Di era pandemi, perkuliahan bernuansa daring menjadi solusi yang tepat sekaligus dapat disiasati sebagai penguatan dalam dunia pendidikan, yakni mengupayakan ketaktersampaian informasi atau materi perkuliahan, membaca karakter masing-masing mahasiswa, dan menguak potensi mahasiswa secara tidak langsung. Di sisi lain, bias yang ditimbulkan dari perkuliahan daring, yakni sulit dilacak bahkan membuka ruang manipulasi seirama kemuktahiran media belajar virtual. Gejala ini jangan sampai terabaikan agar tidak menjadi pemicu munculnya pola pikir dan pola tindak mahasiswa ke arah pasraisme.
Potret perkuliahan daring
Potret perkuliahan daring menggambarkan aktivitas mahasiswa cenderung stagnan, banyak bermain-main dengan copypaste, dan nalar mereka terbelenggu oleh kesakralan internet. Mereka ada tetapi tidak mengada. Mereka mengisi kehadiran, menjawab pertanyaan, merespon balik, menanggapi setiap stimulus yang diberikan dosen pengampu. Akan tetapi, ide-ide yang mereka lontarkan, kata-kata yang mereka rangkai, data-data yang mereka sajikan, dan argumen yang mereka tawarkan sebatas daur ulang dari sumber belajar online atau hasil literasi gaya retroaktif. Mereka ada dalam keterpasungan labirin dunia maya.

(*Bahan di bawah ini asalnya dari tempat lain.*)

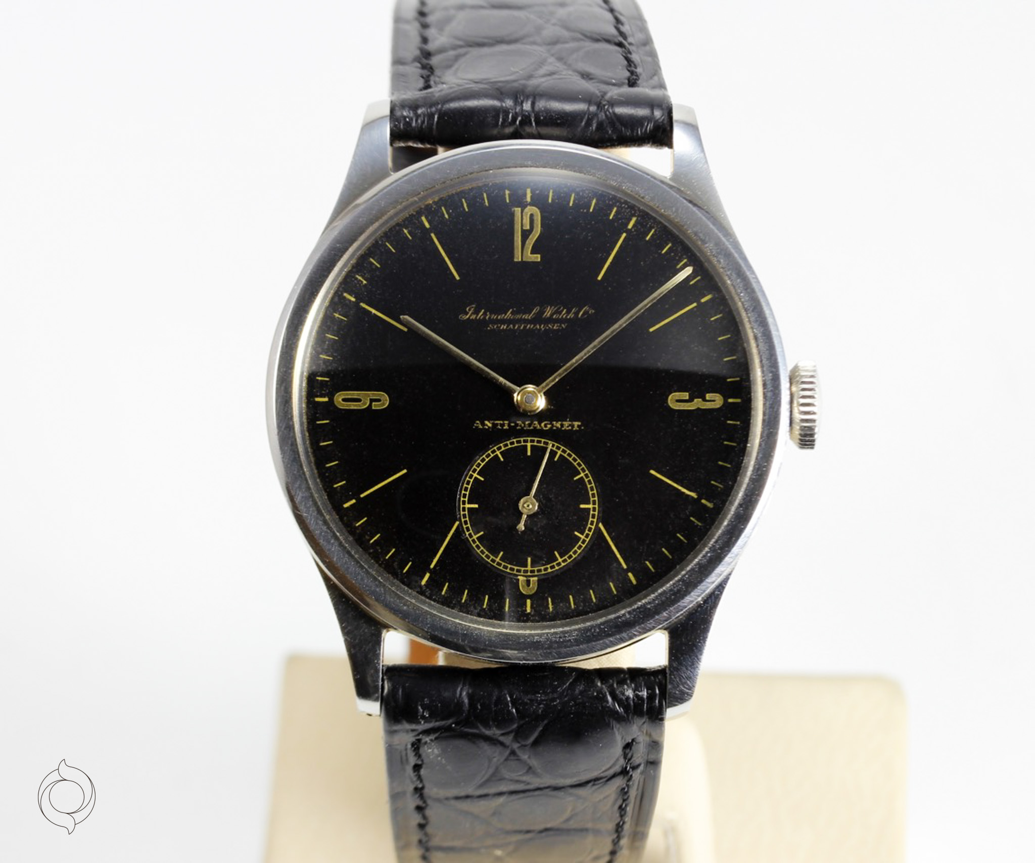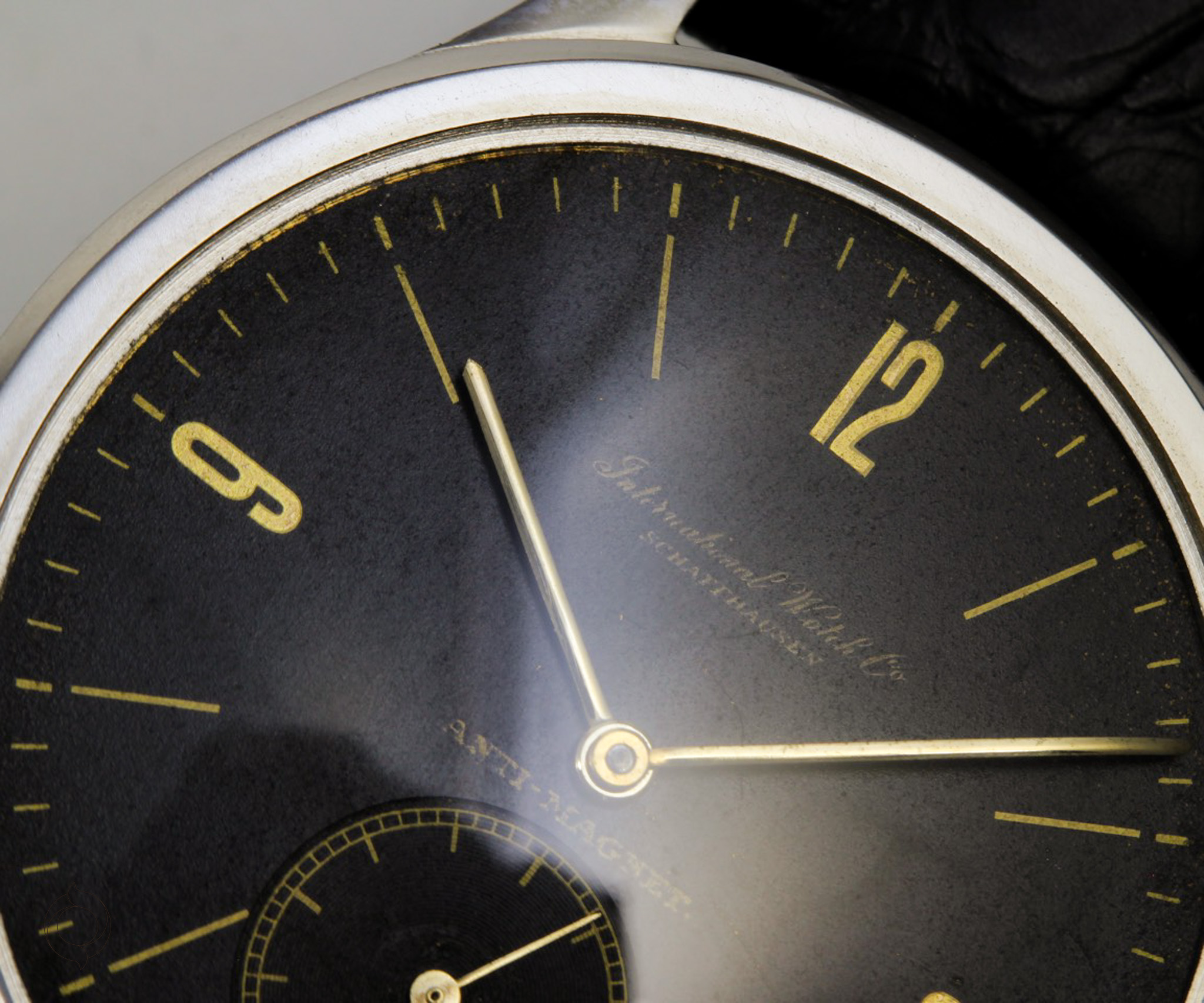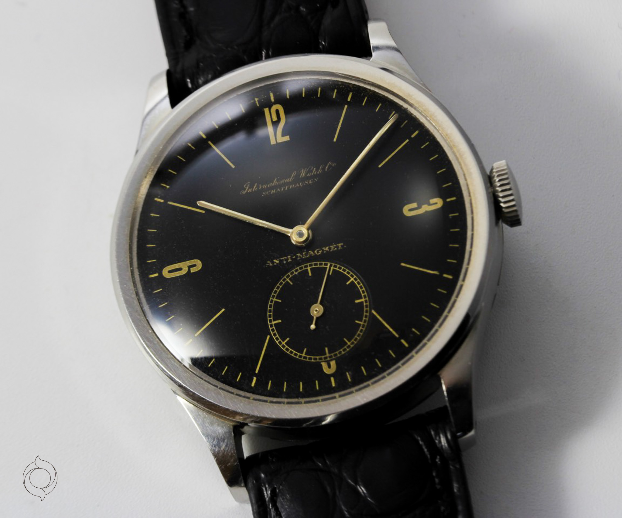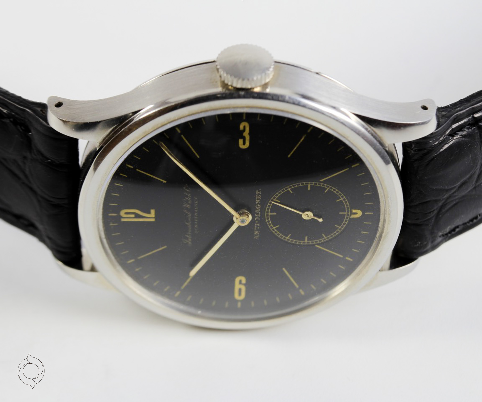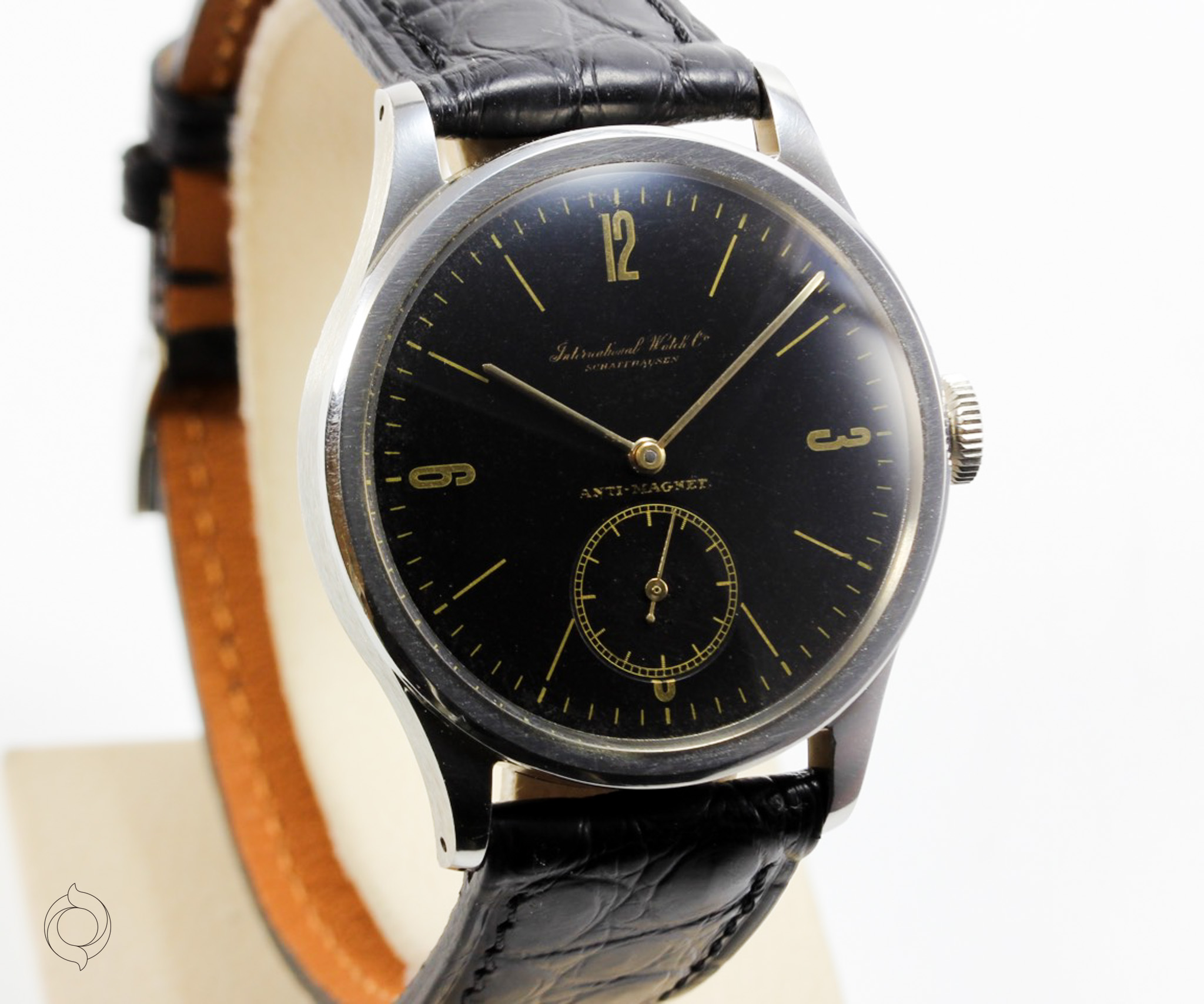 Extrem seltene IWC Vintage Uhr Edelstahl Gehäuse, Anti-Magnetic, Herstellung 1939, Handaufzug Kaliber 83, schwarzes Zifferblatt Gilt Dial, unbehandelt original sehr gut erhalten! Zifferblatt, Gehäuse, Werk und Schließe sind IWC signiert Zubehör: GARANTIEKARTE, SCHÖNE SAMMLERUHREN Echtheitszertifikat, Dokumentation und SCHÖNE SAMMLERUHREN Uhrenbox

Dekontruksi makna ada dan mengada
Dalam konteks perkuliahan daring, keberadaan diri bukan sekadar ada, namun keberadaan diri ditandai oleh adanya sinergisitas antara pola pikir dan pola tindak yang mengada. Mahasiswa tidak hanya bertumpu pada olahan kognisi, namun mewarnainya dengan olahan psikomotorik dan afeksi. Ketiga olahan tersebut diramu, diracik, dan diperas sedemikian rupa untuk menghasilkan saripati berupa gagasan yang tajam dan ide yang menukik.
Mahasiswa yang aktif dan kreatif melakukan pengolahan gagasan atau ide menunjukkan adanya aktivitas mengada dalam perkuliahan daring. Dengan kata lain, mahasiswa yang mengada tidak terjebak dalam nuansa plagiasi, manipulasi, dan keburaman validasi interpretasi.
Dekonstruksi makna ada dan mengada berujung pada perolehan hasil perkuliahan daring berwawasan lokal, glokal, dan global. Fenomena perkuliahan pun banyak diwarnai oleh serapan beragam pengetahuan, misalnya pengetahuan faktual, konseptual, prosedural, dan metafisis atau metakognitif.
Dekontruksi makna ada dan mengada dalam konteks perkuliahan daring berorientasi pada terciptanya kerangka berpikir tingkat tinggi melalui komunikasi, kreativitas, kerja sama, dan berpikir kritis secara integral atau menyeluruh. Inilah impian perkuliahan daring yang ideal. Semoga perkuliahan daring yang kita jalani berada dalam impian itu.
Kata ada bukan sekadar hadir atau terlihat dalam perkuliahan daring tetapi hadir dengan aktivitas literasi, yakni berbahasa, berpikir, dan berbudaya. Aktivitas literasi mengisyaratkan sesuatu yang mengada. Dengan kata lain, dekontruksi makna ada dan mengada dalam konteks perkuliahan daring sejalan dengan aktivitas mahasiswa yang melibatkan kemampuan literasi, pengetahuan, keterampilan, sikap, dan penguasaan terhadap teknologi saat ini.